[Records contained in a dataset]
****

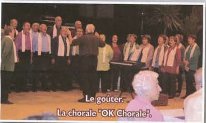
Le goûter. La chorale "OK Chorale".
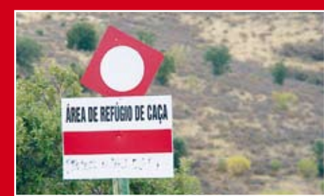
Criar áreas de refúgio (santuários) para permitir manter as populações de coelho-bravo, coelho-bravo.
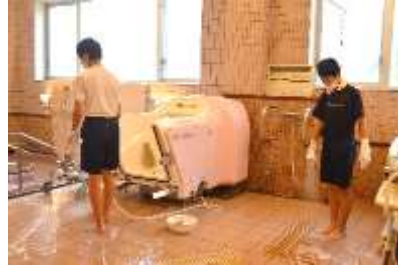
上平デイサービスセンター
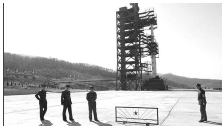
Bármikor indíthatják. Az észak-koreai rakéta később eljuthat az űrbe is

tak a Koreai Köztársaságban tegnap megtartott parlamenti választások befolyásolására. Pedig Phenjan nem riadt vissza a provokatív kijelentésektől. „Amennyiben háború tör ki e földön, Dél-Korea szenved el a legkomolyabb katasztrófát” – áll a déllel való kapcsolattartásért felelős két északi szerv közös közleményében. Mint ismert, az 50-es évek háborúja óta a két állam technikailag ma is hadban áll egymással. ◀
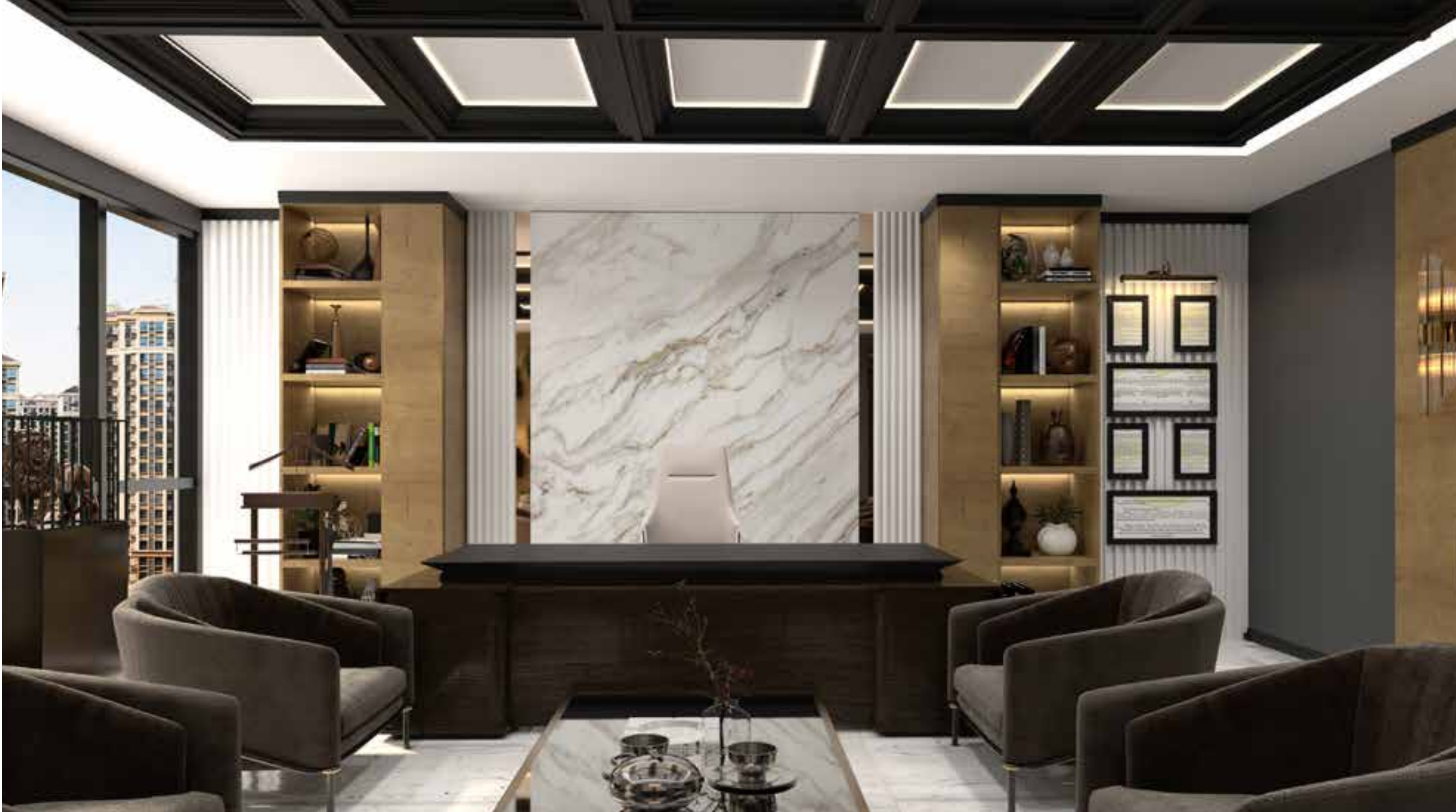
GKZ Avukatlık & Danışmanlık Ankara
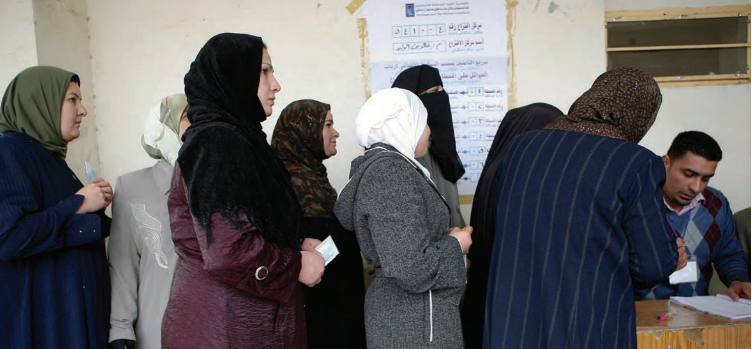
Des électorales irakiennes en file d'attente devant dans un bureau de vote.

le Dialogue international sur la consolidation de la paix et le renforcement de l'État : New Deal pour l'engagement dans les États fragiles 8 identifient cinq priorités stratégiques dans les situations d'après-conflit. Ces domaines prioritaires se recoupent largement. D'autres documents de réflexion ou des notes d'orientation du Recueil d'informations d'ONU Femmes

****

WORK TO COMPLETE> With the pictures dropped, give every entry above again exactly.

SOLUTION>
Le goûter. La chorale "OK Chorale".
Criar áreas de refúgio (santuários) para permitir manter as populações de coelho-bravo, coelho-bravo.
上平デイサービスセンター
Bármikor indíthatják. Az észak-koreai rakéta később eljuthat az űrbe is

tak a Koreai Köztársaságban tegnap megtartott parlamenti választások befolyásolására. Pedig Phenjan nem riadt vissza a provokatív kijelentésektől. „Amennyiben háború tör ki e földön, Dél-Korea szenved el a legkomolyabb katasztrófát” – áll a déllel való kapcsolattartásért felelős két északi szerv közös közleményében. Mint ismert, az 50-es évek háborúja óta a két állam technikailag ma is hadban áll egymással. ◀
GKZ Avukatlık & Danışmanlık Ankara
Des électorales irakiennes en file d'attente devant dans un bureau de vote.

le Dialogue international sur la consolidation de la paix et le renforcement de l'État : New Deal pour l'engagement dans les États fragiles 8 identifient cinq priorités stratégiques dans les situations d'après-conflit. Ces domaines prioritaires se recoupent largement. D'autres documents de réflexion ou des notes d'orientation du Recueil d'informations d'ONU Femmes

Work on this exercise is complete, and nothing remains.